> **Activity**
Report all lines of the records that contain "will".
Input records below:
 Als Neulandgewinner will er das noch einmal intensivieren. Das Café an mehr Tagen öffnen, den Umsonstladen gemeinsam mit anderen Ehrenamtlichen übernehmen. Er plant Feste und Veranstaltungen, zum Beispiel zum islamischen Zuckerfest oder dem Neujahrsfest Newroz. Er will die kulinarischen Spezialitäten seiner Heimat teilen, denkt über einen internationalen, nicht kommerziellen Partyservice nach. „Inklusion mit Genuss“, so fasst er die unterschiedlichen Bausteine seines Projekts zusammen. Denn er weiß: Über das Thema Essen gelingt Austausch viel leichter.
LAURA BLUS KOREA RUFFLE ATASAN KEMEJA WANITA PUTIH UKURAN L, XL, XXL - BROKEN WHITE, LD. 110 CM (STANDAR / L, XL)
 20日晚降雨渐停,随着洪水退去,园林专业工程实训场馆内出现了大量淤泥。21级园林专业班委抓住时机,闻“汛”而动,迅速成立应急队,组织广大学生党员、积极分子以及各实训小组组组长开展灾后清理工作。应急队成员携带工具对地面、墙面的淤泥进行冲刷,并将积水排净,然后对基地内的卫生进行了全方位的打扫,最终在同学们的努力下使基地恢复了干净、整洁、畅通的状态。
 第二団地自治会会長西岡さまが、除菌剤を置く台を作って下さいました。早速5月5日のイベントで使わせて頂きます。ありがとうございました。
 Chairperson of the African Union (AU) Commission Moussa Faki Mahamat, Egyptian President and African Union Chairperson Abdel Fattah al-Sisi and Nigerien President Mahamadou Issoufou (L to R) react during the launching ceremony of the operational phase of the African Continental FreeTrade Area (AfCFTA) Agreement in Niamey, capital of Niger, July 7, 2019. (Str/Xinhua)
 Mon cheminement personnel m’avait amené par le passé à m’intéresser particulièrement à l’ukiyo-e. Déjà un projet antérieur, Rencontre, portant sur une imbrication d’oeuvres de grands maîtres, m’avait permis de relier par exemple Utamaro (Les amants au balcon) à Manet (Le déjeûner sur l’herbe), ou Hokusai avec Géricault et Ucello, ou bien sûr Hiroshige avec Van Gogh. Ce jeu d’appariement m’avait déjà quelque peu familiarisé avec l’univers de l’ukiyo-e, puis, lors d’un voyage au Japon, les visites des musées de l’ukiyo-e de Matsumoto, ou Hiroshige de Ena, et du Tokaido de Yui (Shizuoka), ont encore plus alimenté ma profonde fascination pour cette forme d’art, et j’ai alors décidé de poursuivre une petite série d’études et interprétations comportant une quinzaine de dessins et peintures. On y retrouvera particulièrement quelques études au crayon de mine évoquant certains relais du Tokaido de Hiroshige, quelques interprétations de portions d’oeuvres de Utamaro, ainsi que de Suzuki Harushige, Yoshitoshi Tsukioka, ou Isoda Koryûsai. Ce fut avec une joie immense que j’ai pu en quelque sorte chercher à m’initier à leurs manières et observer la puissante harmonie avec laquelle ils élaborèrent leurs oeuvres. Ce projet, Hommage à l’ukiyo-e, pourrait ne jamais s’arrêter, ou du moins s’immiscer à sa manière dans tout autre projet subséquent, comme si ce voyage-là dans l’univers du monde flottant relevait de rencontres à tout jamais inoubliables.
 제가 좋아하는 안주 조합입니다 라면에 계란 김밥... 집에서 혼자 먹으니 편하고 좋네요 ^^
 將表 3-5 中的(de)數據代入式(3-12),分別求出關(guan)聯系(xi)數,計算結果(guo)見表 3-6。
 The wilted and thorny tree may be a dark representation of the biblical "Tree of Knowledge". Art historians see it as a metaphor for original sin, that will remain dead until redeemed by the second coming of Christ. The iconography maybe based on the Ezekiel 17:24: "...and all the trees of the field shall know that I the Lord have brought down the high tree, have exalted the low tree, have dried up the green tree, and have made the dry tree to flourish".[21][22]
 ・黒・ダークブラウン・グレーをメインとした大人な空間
End of Input records.
> **Response to the task**
 Als Neulandgewinner will er das noch einmal intensivieren. Das Café an mehr Tagen öffnen, den Umsonstladen gemeinsam mit anderen Ehrenamtlichen übernehmen. Er plant Feste und Veranstaltungen, zum Beispiel zum islamischen Zuckerfest oder dem Neujahrsfest Newroz. Er will die kulinarischen Spezialitäten seiner Heimat teilen, denkt über einen internationalen, nicht kommerziellen Partyservice nach. „Inklusion mit Genuss“, so fasst er die unterschiedlichen Bausteine seines Projekts zusammen. Denn er weiß: Über das Thema Essen gelingt Austausch viel leichter.
 The wilted and thorny tree may be a dark representation of the biblical "Tree of Knowledge". Art historians see it as a metaphor for original sin, that will remain dead until redeemed by the second coming of Christ. The iconography maybe based on the Ezekiel 17:24: "...and all the trees of the field shall know that I the Lord have brought down the high tree, have exalted the low tree, have dried up the green tree, and have made the dry tree to flourish".[21][22]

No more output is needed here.